There is some evidence to suggest that it may also be a relevant additional biomarker in Alzheimer's disease. More specifically, AD patients have lower levels of this sterol in their cerebrospinal fluid.

==Chemical properties==
===Solubility ===
Brassicasterol has a low water solubility and, as a consequence, a high octanol-water partition coefficient. This means that, in most environmental systems, brassicasterol will be associated with the solid phase.

===Degradation===
In anaerobic sediments and soils, brassicasterol is stable for many hundreds of years, enabling it to be used as an indicator of past algal production (see below).

== Formation and occurrences ==
It can be found in Mirabilis jalapa.

=== Algal sources ===
Brassicasterol is formed in plants from the isoprenoid squalene through campesterol as an intermediate. A list of the algae in which brassicasterol has been identified is shown below together with approximate composition.

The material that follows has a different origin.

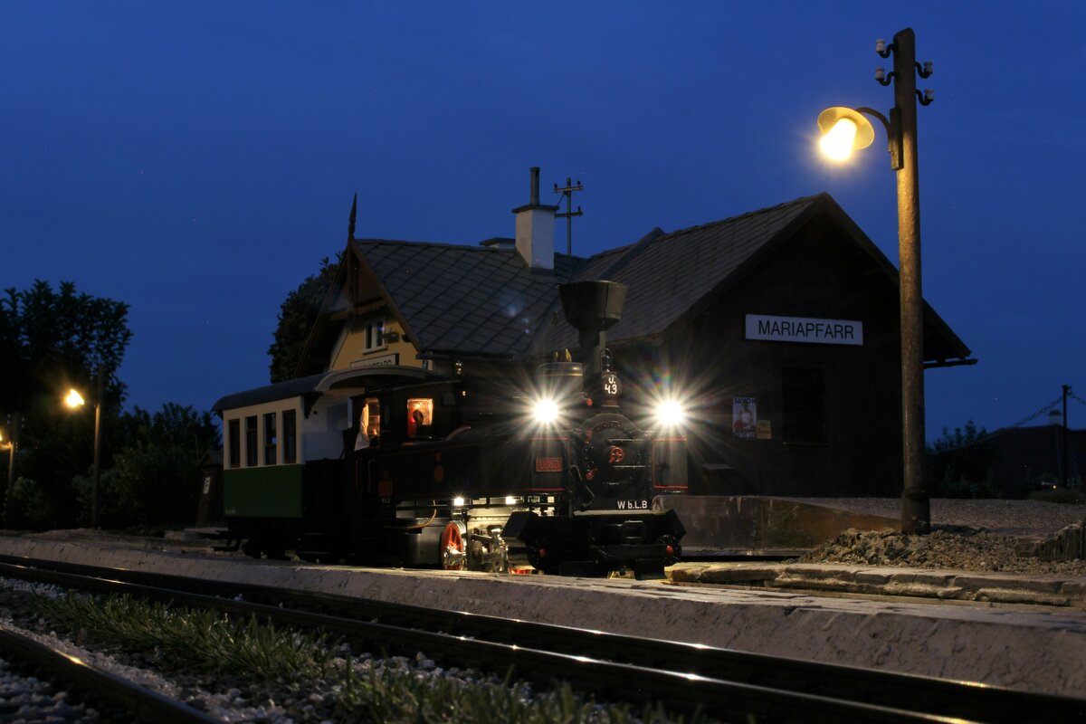 Zur blauen Stunde am Abend eines warmen Sonntages 1990 wartet die U43 der Wildbacher Lokalbahn in Mariapfarr auf die letzte Abfahrt nach Fassl.

Sterol content of selected dinoflagellates (as percentage). Data from Volkman, 1986
| Species | A | B | C | D | E | F | G | H | others |
|---|---|---|---|---|---|---|---|---|---|
| Gonyaulax spp | 100 | 0 | 0 | 0 | 0 | 0 | 0 | 0 | 0 |
| Peridinium foliaceum | 100 | 0 | 0 | 0 | 0 | 0 | 0 | 0 | 0 |
| Peridinium foliaceum | 80 | 20 | 0 | 0 | 0 | 0 | 0 | 0 | 0 |
| Gonyaulax diegensis | 39 | 0 | 0 | 0 | 0 | 0 | 0 | 29 | 32 |
| Pyrocystis lunula | 76 | 6 | 0 | 2 | 1 | 0 | 0 | 0 | 15 |
| Gonyaulax polygramma | 36 | 1 | 0 | 9 | 7 | 0 | 0 | 0 | 47 |
| Gymnodinium wilczeki | 26 | 39 | 0 | 35 | 1 | 0 | 0 | 0 | 0 |
| Glenodinium hallii | 8 | 50 | 0 | 0 | 0 | 42 | 0 | 0 | 0 |
| Noctiluca milaris | 0 | 1 | 1 | 5 | 73 | 0 | 6 | 0 | 14 |
| Gymnodinium simplex | 0 | 0 | 0 | 0 | 53 | 0 | 0 | 0 | 47 |
| Prorocentrum cordatum | 7 | 0 | 0 | 0 | 5 | 0 | 63 | 0 | 25 |

A = cholesterol
B = campesterol
C = sitosterol
D = 22-dehydrocholesterol ((22E)-cholesta-5,22-dien-3β-ol)
E = brassicasterol
F = stigmasterol
G = 24-methylene cholesterol
H = fucosterol

==Use as a tracer for marine algae==
The principal source of brassicasterol in the environment is from marine algae. Its relatively high concentration and stability allows it to be used in the assessment of the origin of organic matter in samples, especially sediments.